Se a proibição de recurso a “outsourcing” atrás mencionada se justifica inteiramente (colocando-se aqui apenas a questão de saber se 12 meses não será um período muito alargado), no que concerne ao reforço do poder da ACT na matéria aqui em questão parece-nos, desde logo, de legalidade e constitucionalidade duvidosas, faltando saber se a ACT se vai ou não substituir aos tribunais na aplicação do direito, o que, face ao nosso ordenamento jurídico, se afigura como violador da nossa Constituição.
Nós que andamos pelos tribunais sabemos como muitas vezes as decisões da ACT em matéria contra-ordenacional são julgadas ilegais pelos tribunais competentes; imagine-se o que será em matéria tão sensível como a legalidade de termo aposto em contrato de trabalho.
O trabalho totalmente não declarado será criminalizado com prisão até 3 anos ou com pena de multa, medida que se aplaude e que todos aqueles que cumprem as suas obrigações não podem deixar de apreciar. Será ainda eliminada a possibilidade de pagar a estagiários menos que o previsto no Código de Trabalho.
Ora, se à primeira vista esta poderia ser uma boa medida, parece-nos que terá o efeito precisamente contrário àquilo que se pretenderia.
A ACT vai ainda passar a, permanentemente, ter o poder de suspender processos de despedimento com indícios de irregularidade, permitindo-se ainda notificações electrónicas nos processos administrativos da competência desta entidade.
Ora, num estado de direito democrático, reforçar o poder da administração pública é restringir a liberdade (neste caso) das empresas.
Imagine-se que a ACT entende existirem indícios de irregularidade num processo de despedimento e que, mais tarde (como tantas vezes acontece), um tribunal declara que não existia qualquer irregularidade.
Quem pagará os prejuízos que uma situação como esta certamente acarretará para a(s) empresa(s)? Irá ser alargada a compensação para 24 dias por ano em caso de caducidade de contrato de trabalho a termo, certo ou incerto.

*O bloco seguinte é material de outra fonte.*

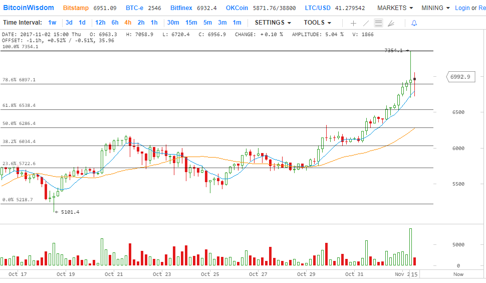 Вчера мы видели, как цена биткойна готовилась к подъему выше $ 6400. Существовал подтвержденный подъем вверх, и цена была способна разбить сопротивление 6500 долларов США и торговалась на уровне более 6900 долларов. Новый рекордный максимум был сформирован на уровне 7350 долларов США, с которого была начата краткосрочная коррекция. Наилучшая часть заключалась в том, что на вчерашнем освещенном восходящем канале произошел перерыв с сопротивлением на уровне $ 6522 на часовом графике пары BTC / USD.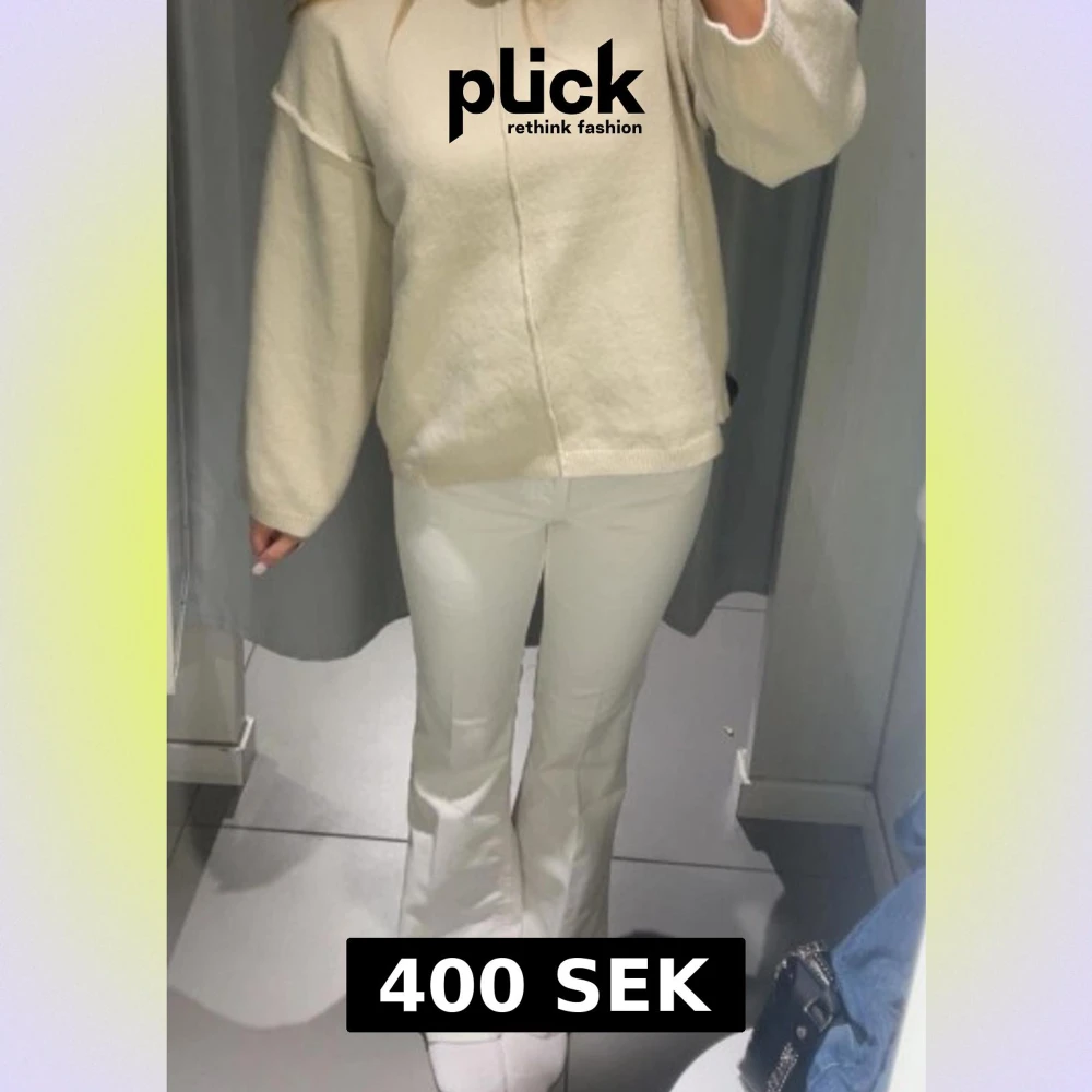 Säljer ett par vita bootcut byxor med hög midja. Byxorna har en snygg och modern passform som sitter tajt över låren och släpper ut vid bensluten. Materialet känns mjukt och har en lätt stretch, perfekt för dig som gillar stilrena och ljusa outfits. Helt nya!!

Passar-se-á a exigir que nos contratos públicos superiores a 12 meses, os contratos de trabalho sejam sem termo e que em contratos com menos de 12 meses, os contratos de trabalho tenham, pelo menos, a duração do contrato, o que, no nosso ponto de vista, mais não é do que uma restrição à contratação pública.
Aguardemos, pois, pelo resultado final da discussão e votação no parlamento, mas tudo indica que as empresas portuguesas se irão deparar com uma enorme mudança na organização do trabalho, em que, uma vez mais, se privilegia a contratação colectiva em detrimento daquilo que faz o trabalho, as empresas e os países crescerem: a negociação individual.